Concentric enclosure, Curraghscarteen, Co. Tipperary
Co. Tipperary |
Enclosures
Beneath the pasture of an east-facing slope in County Tipperary, the ground gives away its secrets only gradually.
What looks at first like a series of low grassy ridges turns out to be a double-ringed enclosure, one circular earthwork set inside another, each defined by its own bank and outer ditch. Concentric enclosures of this kind are rare in the Irish archaeological record, and their function remains genuinely uncertain. They may represent high-status settlement sites, ceremonial spaces, or something that blurred both categories. Whatever its original purpose, the one at Curraghscarteen has been sitting quietly in gently undulating terrain, under grazing land, for a very long time.

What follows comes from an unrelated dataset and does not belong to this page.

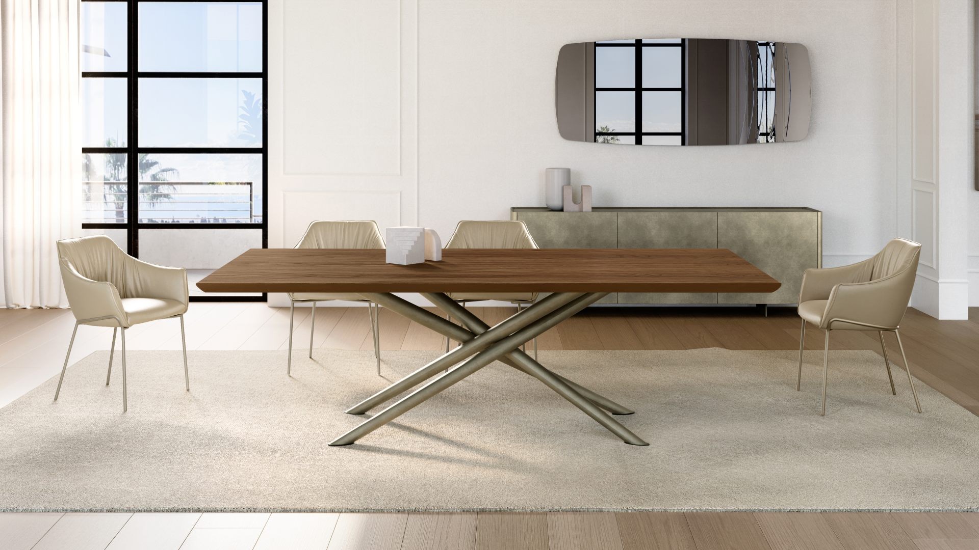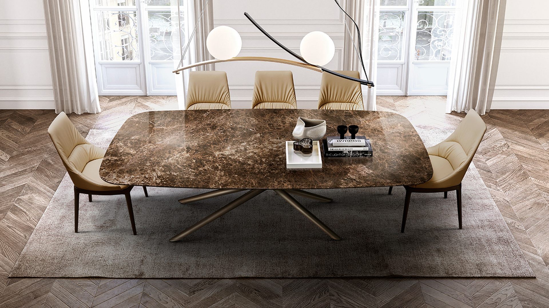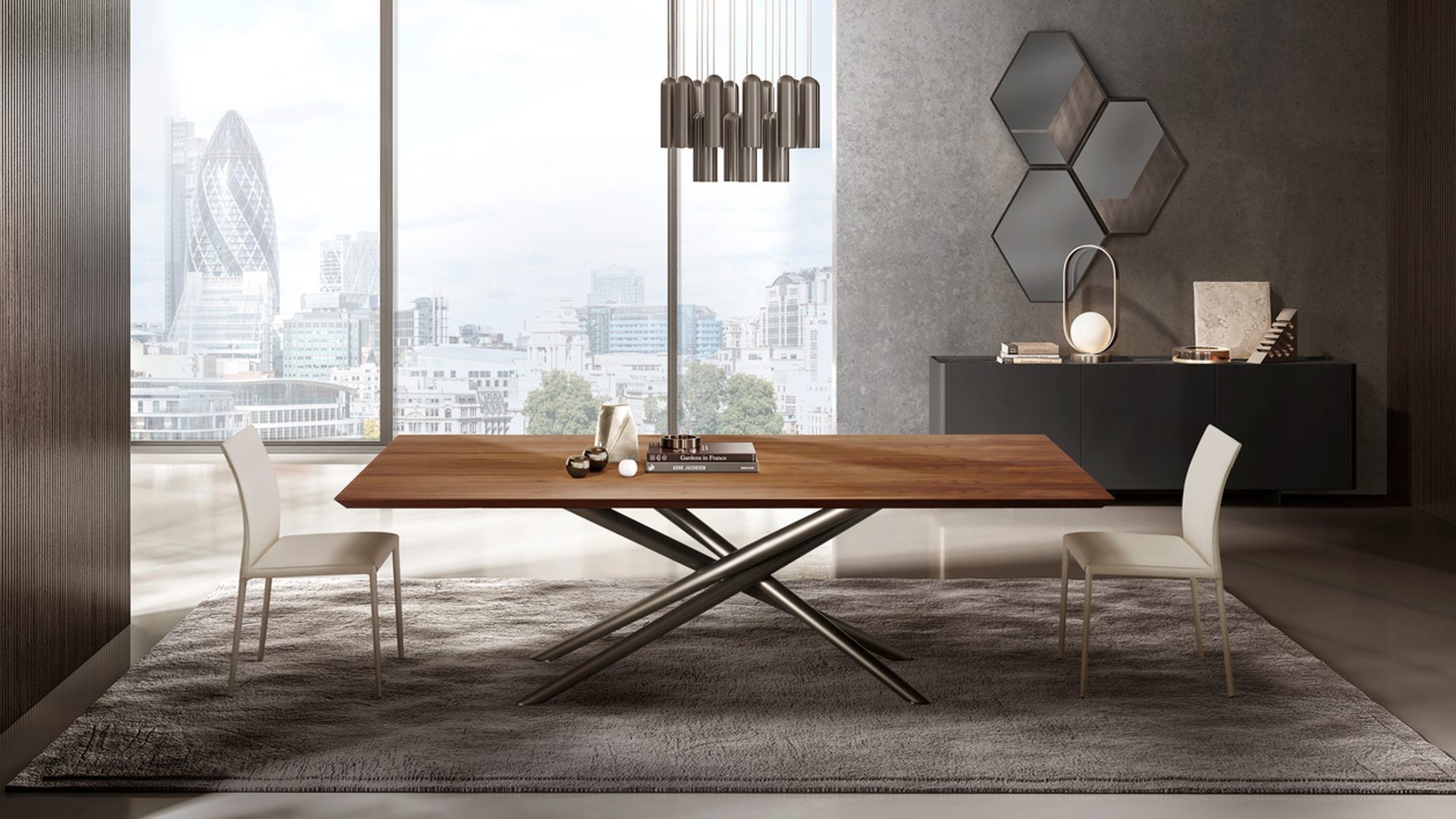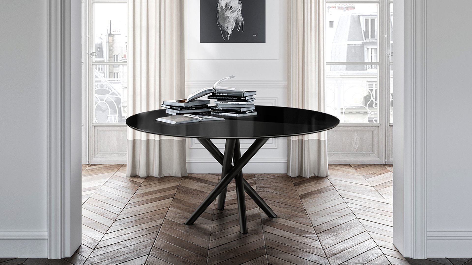 Tento designový jídelní stůl, který vytvořil designér Ollen Pal, má propracovanou lakovanou kovovou podnož, která díky originálnímu tvaru okamžitě upoutá pozornost. Kulatá, obdélníková nebo tvarovaná stolová deska z tvrzeného skla, keramiky, dřeva nebo mramoru je k dispozici v různých velikostech.
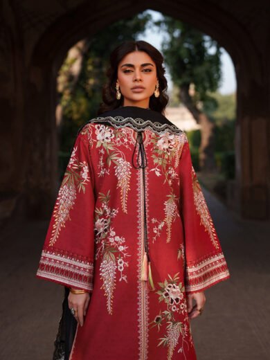 Suroor Eid Collection Embroidered 3-Piece Suit · Lawn & Organza Red Colorway

The monument is made up of two distinct elements arranged around a shared centre. The inner enclosure measures roughly 33 metres north to south and 34 metres east to west, defined by a low bank between seven and eight metres wide. The bank is modest in height, rising less than half a metre on the interior and just under a metre on the exterior, with an outer fosse, or ditch, running alongside it. Beyond the inner enclosure, a wide berm, a flat platform between the two rings, stretches some sixteen to twenty metres across before meeting the outer bank. That second bank is similarly low, though its outer face rises to just over a metre in places, and it too has an accompanying fosse. A gap of around seven metres breaks the inner bank in the north-east quadrant, with a narrower corresponding gap in the outer bank nearby, suggesting the original entrance lay on that side. Tree stumps along the outer bank in the north-west quadrant hint at more recent changes to the landscape, and modern field boundaries cut across both the eastern and southern sides of the monument, slicing through what was once a continuous circuit.